• **PROBLEM TO SOLVE**
Give the count of lines that hold the word "help" in this listing, with nothing added.

======== DATA EXTRACTS

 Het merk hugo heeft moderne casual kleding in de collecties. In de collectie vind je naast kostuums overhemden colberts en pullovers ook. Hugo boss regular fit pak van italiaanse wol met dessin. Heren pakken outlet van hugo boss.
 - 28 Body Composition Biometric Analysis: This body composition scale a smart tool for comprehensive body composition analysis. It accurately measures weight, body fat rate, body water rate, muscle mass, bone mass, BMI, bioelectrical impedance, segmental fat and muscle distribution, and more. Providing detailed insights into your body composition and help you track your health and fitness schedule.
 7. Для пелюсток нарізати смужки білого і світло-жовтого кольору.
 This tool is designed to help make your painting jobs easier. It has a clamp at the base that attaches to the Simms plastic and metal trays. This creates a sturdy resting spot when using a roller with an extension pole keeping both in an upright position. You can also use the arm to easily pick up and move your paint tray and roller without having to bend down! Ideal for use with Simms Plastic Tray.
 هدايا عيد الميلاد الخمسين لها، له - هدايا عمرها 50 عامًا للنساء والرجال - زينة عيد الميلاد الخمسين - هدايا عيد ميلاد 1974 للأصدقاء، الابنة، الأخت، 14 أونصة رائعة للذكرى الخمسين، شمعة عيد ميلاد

================
======== DATA EXTRACTS

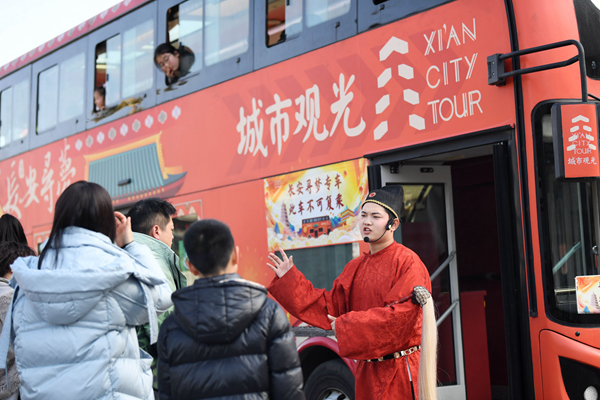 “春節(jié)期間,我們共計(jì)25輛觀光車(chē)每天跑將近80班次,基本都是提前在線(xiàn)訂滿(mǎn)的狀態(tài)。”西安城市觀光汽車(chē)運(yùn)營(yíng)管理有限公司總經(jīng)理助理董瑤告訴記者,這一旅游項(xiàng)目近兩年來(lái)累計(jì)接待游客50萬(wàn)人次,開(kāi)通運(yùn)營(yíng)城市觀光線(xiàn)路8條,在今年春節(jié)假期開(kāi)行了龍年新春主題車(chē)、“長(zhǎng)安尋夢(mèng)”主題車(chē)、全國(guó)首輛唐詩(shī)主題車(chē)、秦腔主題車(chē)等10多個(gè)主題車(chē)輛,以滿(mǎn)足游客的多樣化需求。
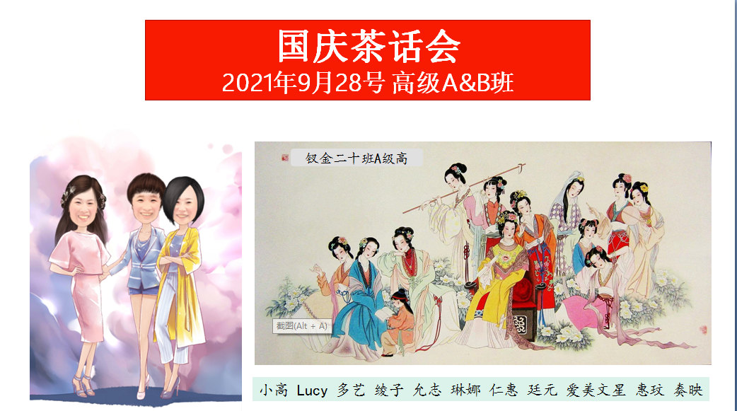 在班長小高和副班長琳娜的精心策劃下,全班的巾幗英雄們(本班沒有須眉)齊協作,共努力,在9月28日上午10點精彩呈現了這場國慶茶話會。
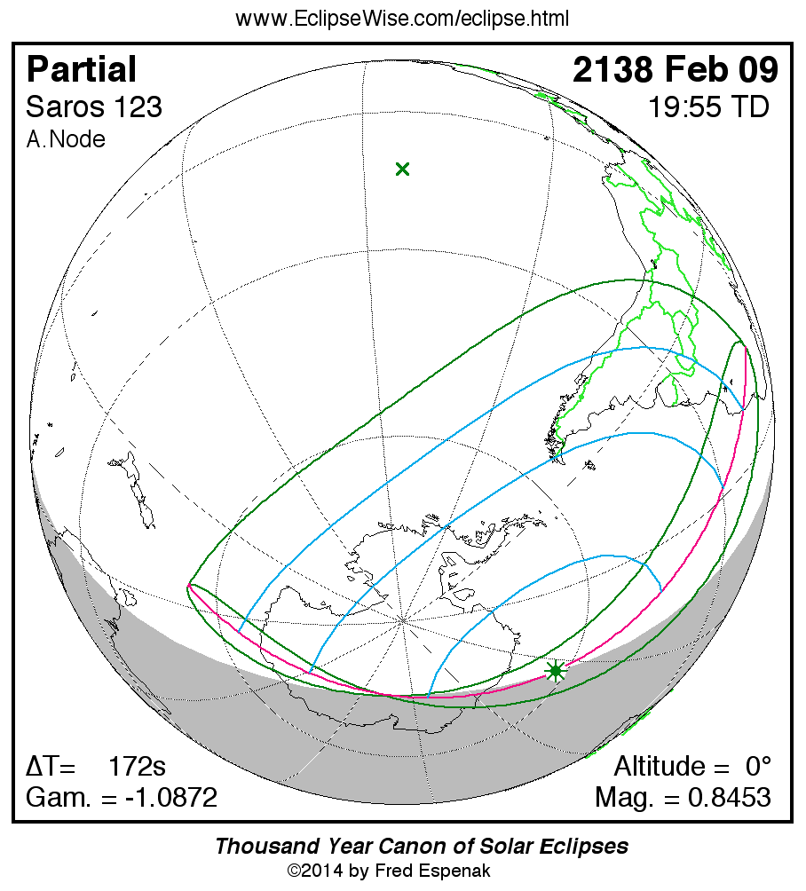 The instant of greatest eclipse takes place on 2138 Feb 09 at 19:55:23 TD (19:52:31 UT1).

================

• **ANSWER TO THIS EXERCISE**
2